EXCERPTED RECORDS -
......

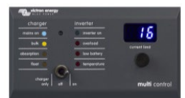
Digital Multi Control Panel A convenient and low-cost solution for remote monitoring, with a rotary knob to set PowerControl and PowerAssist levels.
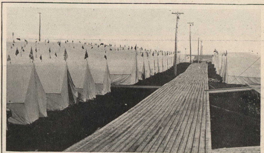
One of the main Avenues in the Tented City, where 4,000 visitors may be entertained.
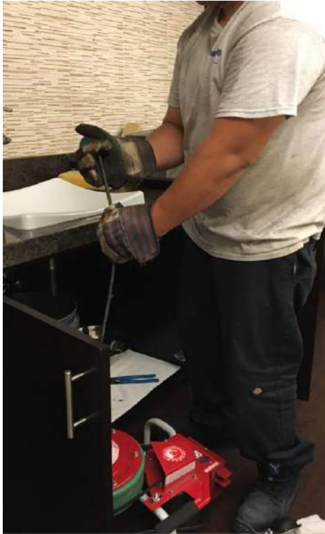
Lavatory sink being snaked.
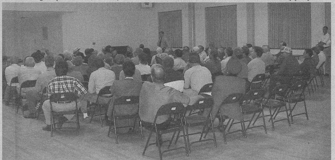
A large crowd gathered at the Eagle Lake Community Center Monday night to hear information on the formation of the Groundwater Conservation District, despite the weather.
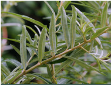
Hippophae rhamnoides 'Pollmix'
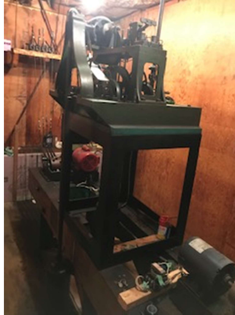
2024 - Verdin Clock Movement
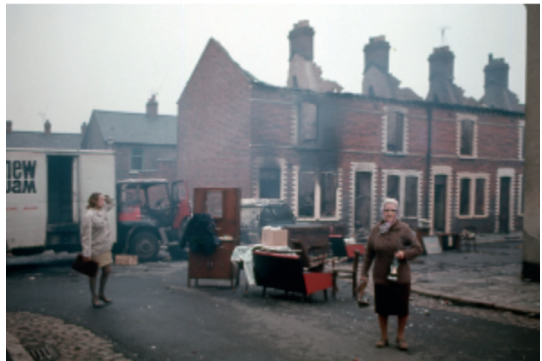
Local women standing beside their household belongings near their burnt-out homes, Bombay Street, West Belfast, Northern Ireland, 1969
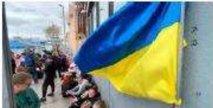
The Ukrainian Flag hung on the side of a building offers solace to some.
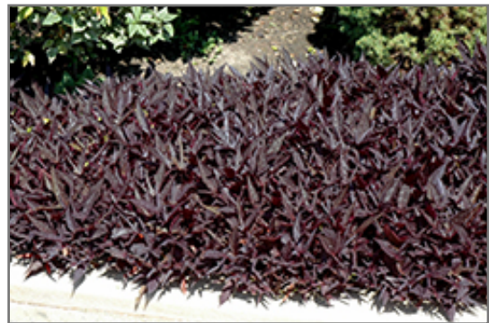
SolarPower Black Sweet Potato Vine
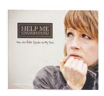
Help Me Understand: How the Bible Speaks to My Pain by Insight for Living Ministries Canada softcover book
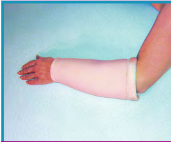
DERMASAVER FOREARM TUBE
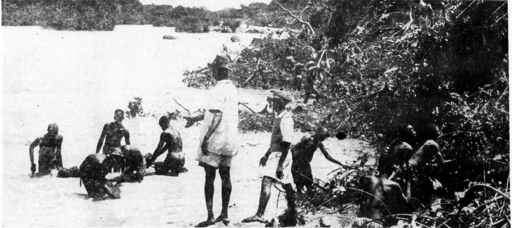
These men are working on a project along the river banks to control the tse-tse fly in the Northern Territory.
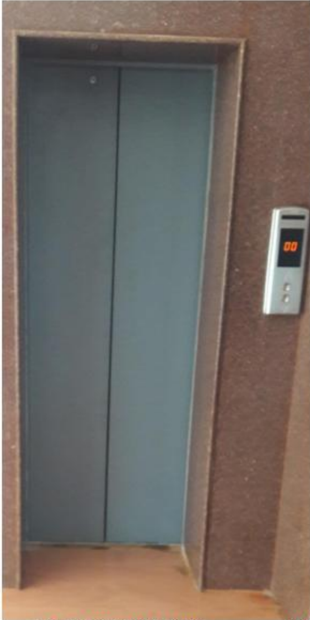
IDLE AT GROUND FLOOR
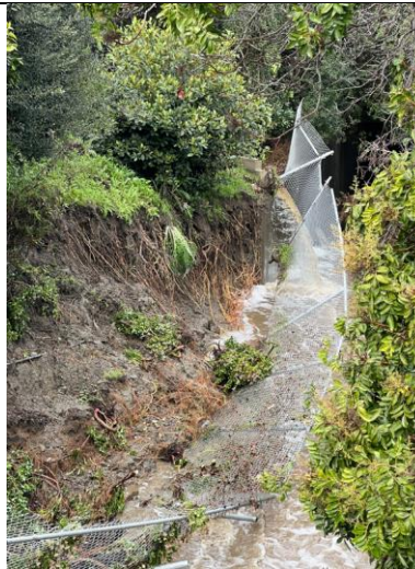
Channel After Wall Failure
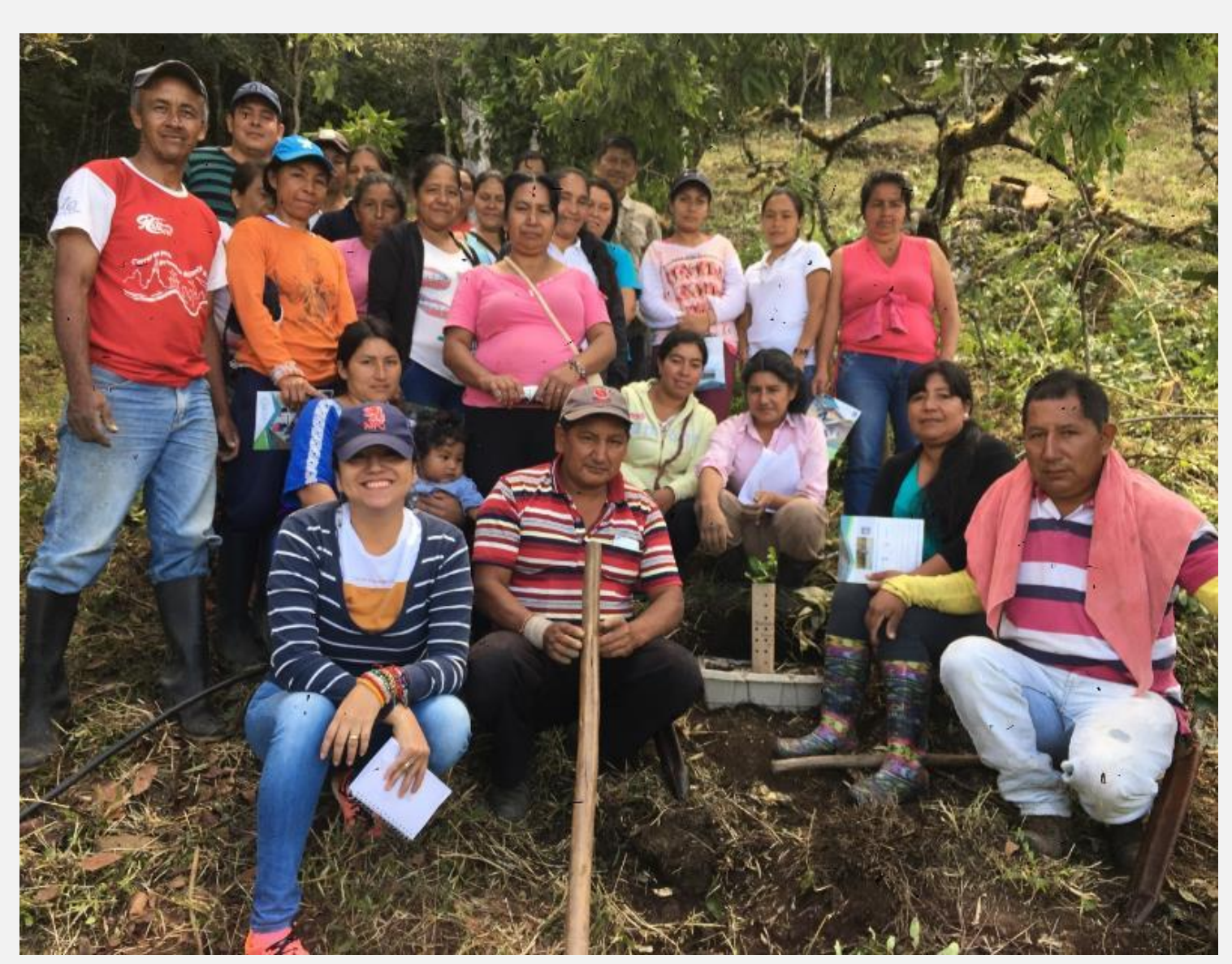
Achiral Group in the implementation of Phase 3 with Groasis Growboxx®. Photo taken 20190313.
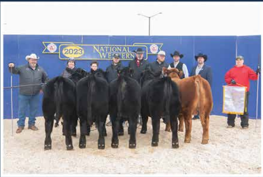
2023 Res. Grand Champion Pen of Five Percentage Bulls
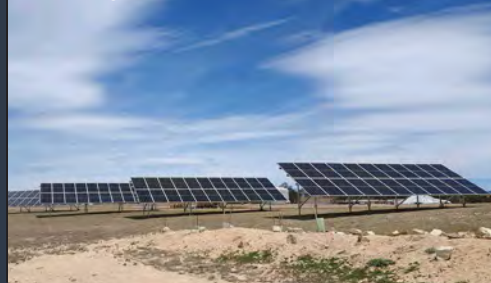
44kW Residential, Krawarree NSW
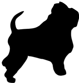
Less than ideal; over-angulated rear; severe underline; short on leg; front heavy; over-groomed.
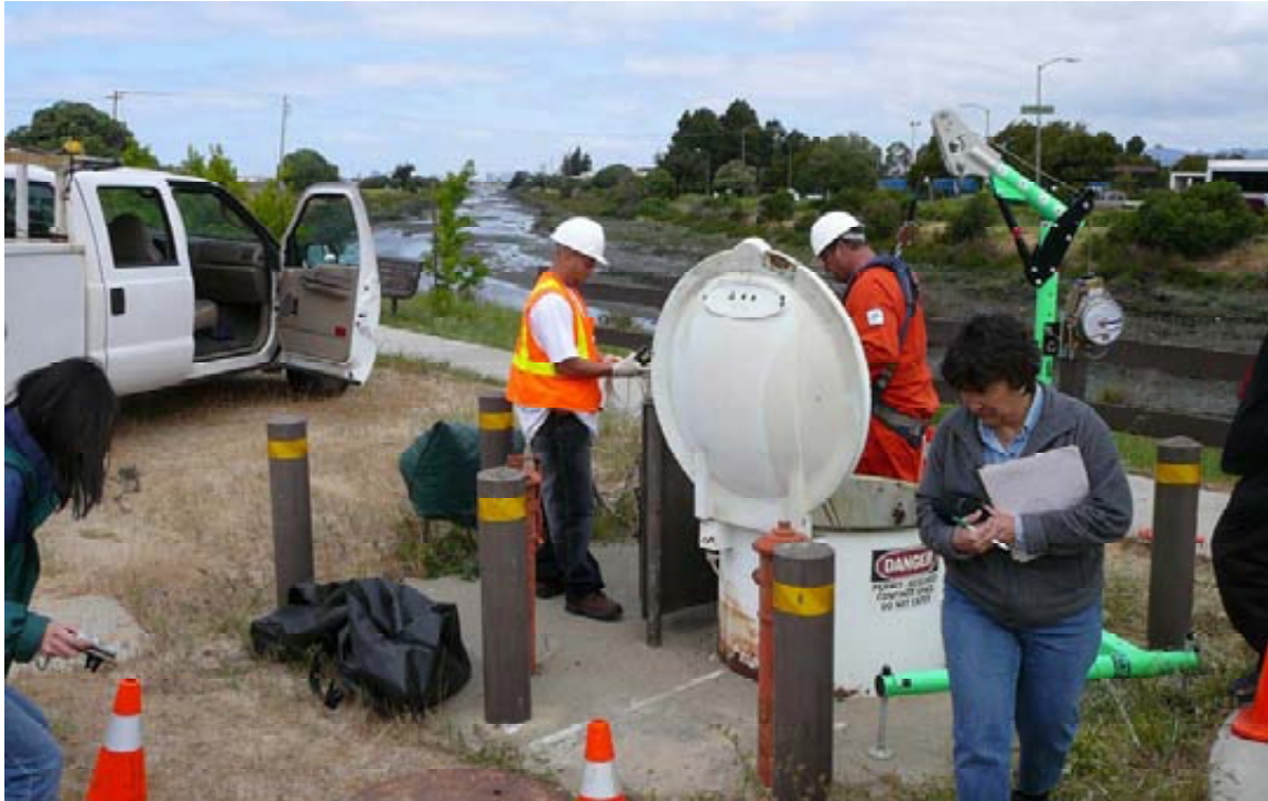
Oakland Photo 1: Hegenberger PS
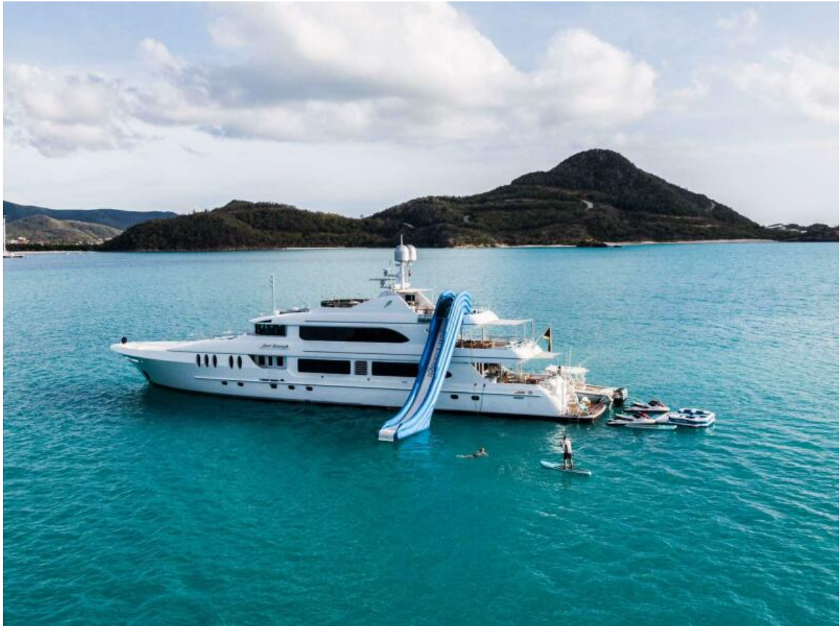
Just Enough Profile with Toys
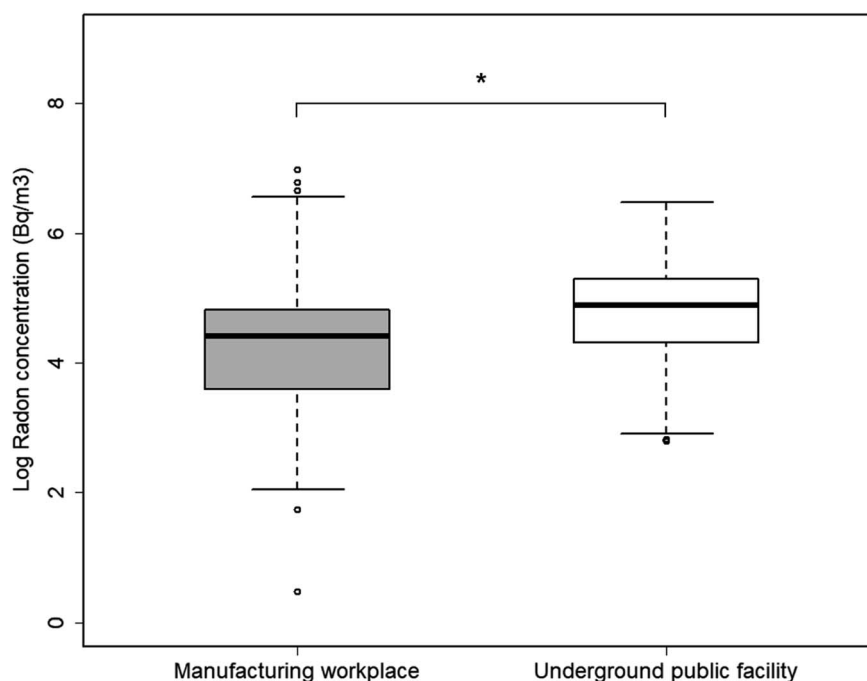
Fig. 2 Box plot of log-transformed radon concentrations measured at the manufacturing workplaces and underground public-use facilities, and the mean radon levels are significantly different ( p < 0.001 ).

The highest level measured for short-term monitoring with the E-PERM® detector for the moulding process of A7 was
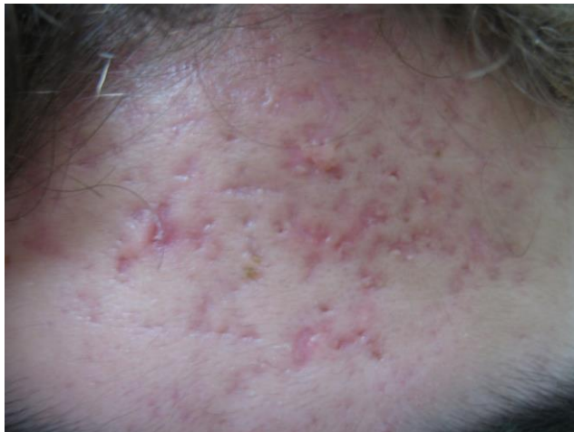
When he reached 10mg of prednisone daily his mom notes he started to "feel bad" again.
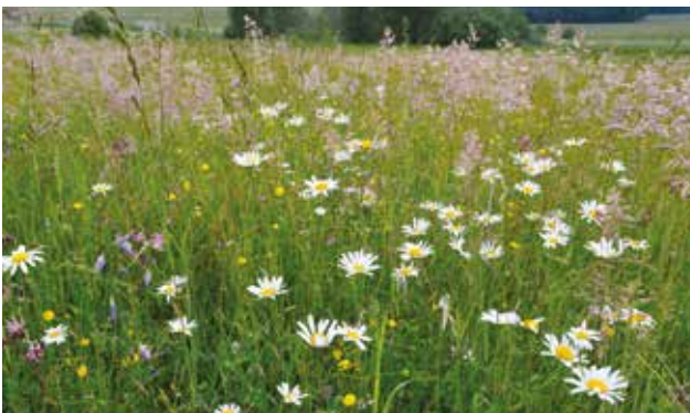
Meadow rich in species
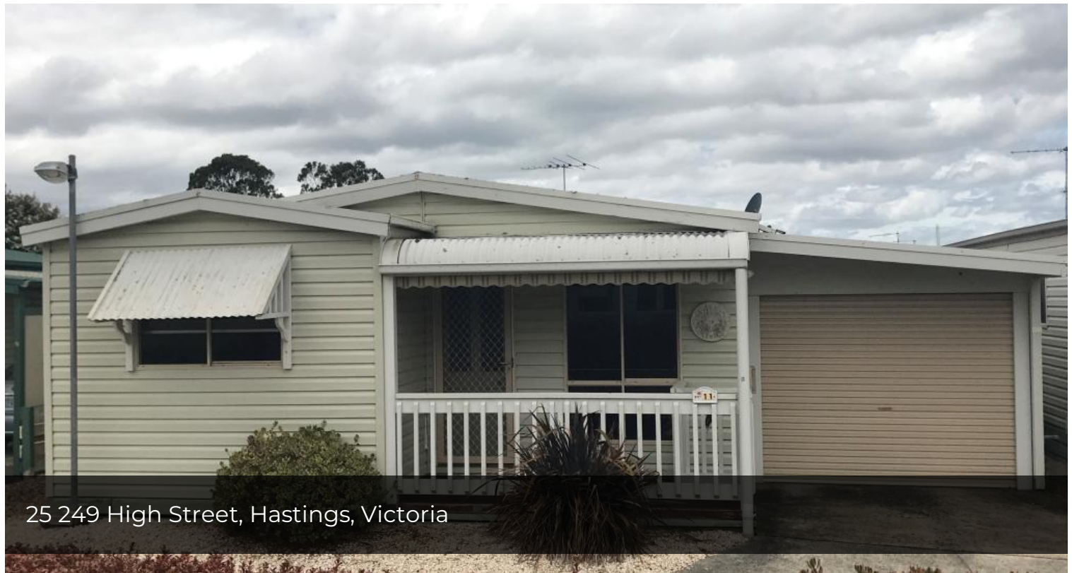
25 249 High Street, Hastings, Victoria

......

EXERCISE INSTRUCTIONS - Go through the records and pull out each line that includes the word "levels".

REPLY TO THE EXERCISE -
Digital Multi Control Panel A convenient and low-cost solution for remote monitoring, with a rotary knob to set PowerControl and PowerAssist levels.
Fig. 2 Box plot of log-transformed radon concentrations measured at the manufacturing workplaces and underground public-use facilities, and the mean radon levels are significantly different ( p < 0.001 ).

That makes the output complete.